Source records

-- Opening Marker --

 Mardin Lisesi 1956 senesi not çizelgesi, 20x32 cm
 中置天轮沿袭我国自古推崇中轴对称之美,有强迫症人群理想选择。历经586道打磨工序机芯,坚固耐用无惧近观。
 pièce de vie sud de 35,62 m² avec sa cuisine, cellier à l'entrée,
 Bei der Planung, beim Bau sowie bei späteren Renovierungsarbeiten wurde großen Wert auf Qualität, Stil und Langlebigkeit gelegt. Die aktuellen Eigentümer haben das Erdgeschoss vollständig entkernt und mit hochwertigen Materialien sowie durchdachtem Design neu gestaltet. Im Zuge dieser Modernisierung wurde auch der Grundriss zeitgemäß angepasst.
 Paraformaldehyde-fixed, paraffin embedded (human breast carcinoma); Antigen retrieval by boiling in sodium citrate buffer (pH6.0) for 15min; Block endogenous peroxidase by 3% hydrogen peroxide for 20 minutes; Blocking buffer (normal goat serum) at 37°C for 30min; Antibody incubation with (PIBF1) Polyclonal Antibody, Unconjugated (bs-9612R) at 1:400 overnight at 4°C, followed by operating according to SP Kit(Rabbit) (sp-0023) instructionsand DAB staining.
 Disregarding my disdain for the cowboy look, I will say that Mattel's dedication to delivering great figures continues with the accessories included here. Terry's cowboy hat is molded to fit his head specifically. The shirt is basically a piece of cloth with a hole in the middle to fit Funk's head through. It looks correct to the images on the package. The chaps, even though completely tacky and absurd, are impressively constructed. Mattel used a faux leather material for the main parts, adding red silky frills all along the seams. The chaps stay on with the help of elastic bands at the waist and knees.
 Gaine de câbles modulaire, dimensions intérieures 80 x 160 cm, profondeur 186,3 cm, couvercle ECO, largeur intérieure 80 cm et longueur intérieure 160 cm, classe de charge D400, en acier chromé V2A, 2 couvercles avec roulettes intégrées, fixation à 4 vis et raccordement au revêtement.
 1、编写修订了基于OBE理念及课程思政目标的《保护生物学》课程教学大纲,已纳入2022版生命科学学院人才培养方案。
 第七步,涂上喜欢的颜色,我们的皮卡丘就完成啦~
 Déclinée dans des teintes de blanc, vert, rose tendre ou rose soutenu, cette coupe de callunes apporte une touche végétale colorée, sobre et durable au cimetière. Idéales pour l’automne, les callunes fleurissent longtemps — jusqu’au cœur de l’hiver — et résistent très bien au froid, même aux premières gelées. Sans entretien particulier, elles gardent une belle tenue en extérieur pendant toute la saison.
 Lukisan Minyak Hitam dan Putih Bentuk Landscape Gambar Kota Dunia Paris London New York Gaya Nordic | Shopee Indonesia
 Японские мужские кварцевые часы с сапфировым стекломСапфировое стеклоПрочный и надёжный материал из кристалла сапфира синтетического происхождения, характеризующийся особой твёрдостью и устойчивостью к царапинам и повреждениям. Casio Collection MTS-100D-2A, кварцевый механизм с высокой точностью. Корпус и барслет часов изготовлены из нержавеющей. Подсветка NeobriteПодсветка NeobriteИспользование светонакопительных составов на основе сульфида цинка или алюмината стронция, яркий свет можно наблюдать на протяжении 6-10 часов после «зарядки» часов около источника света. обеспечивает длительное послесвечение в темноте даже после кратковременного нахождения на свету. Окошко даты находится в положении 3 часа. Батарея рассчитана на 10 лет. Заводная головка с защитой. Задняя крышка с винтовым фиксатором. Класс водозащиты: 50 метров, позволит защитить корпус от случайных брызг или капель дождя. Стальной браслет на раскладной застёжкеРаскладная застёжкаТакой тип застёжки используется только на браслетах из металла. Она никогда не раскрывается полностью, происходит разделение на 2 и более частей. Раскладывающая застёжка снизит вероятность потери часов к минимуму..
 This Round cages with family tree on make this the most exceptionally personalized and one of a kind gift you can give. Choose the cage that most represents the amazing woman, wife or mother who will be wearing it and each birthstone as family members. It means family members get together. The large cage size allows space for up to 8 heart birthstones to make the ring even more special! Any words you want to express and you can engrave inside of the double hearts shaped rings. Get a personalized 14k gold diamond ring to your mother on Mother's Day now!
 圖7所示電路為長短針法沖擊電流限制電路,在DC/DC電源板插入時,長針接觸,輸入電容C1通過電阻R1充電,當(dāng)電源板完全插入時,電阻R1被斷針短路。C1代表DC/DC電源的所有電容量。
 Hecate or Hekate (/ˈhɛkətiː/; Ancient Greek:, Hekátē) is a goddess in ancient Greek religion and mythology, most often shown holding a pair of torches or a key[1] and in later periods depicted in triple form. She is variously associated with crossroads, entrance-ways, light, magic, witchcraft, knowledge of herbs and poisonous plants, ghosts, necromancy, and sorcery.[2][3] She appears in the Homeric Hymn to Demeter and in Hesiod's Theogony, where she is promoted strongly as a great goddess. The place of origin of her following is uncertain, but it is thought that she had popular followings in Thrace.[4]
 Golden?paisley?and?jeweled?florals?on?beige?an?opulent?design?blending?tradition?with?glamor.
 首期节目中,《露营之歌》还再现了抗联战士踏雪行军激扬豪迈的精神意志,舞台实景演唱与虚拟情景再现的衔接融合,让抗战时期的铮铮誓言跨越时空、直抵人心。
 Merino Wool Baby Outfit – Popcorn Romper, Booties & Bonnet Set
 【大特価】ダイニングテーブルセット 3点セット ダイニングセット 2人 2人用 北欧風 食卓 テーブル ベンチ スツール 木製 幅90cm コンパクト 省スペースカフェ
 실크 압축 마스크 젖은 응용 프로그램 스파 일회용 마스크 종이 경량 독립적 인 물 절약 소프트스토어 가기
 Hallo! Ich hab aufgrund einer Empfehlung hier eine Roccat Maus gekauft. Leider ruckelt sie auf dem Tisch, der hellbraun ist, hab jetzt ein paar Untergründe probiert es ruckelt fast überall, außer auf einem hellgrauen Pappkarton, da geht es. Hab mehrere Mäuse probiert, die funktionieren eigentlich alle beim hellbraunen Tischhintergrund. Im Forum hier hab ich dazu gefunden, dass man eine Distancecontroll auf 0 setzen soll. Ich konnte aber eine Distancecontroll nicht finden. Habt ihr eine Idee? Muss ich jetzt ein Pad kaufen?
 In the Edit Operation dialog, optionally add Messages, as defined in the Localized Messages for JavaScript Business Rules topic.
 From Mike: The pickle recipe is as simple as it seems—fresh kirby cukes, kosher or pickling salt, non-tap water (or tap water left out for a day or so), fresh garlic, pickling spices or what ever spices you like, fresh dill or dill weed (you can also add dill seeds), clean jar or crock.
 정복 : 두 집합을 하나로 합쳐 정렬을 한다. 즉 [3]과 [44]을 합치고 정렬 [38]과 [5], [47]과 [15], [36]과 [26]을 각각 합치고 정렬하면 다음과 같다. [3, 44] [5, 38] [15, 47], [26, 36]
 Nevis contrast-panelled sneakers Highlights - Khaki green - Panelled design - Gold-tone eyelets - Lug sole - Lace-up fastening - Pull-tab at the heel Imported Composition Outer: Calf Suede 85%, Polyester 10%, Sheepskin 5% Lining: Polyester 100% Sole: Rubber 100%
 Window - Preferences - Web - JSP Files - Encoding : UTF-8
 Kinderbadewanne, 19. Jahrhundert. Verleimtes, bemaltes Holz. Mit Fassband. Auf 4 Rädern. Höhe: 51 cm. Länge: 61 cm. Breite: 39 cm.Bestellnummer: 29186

-- Closing Marker --

**EXERCISE INSTRUCTIONS**
Word for word, restate the lines from the one holding "Window - Preferences" to the last line of the records.

**ANSWER SECTION**
 Window - Preferences - Web - JSP Files - Encoding : UTF-8
 Kinderbadewanne, 19. Jahrhundert. Verleimtes, bemaltes Holz. Mit Fassband. Auf 4 Rädern. Höhe: 51 cm. Länge: 61 cm. Breite: 39 cm.Bestellnummer: 29186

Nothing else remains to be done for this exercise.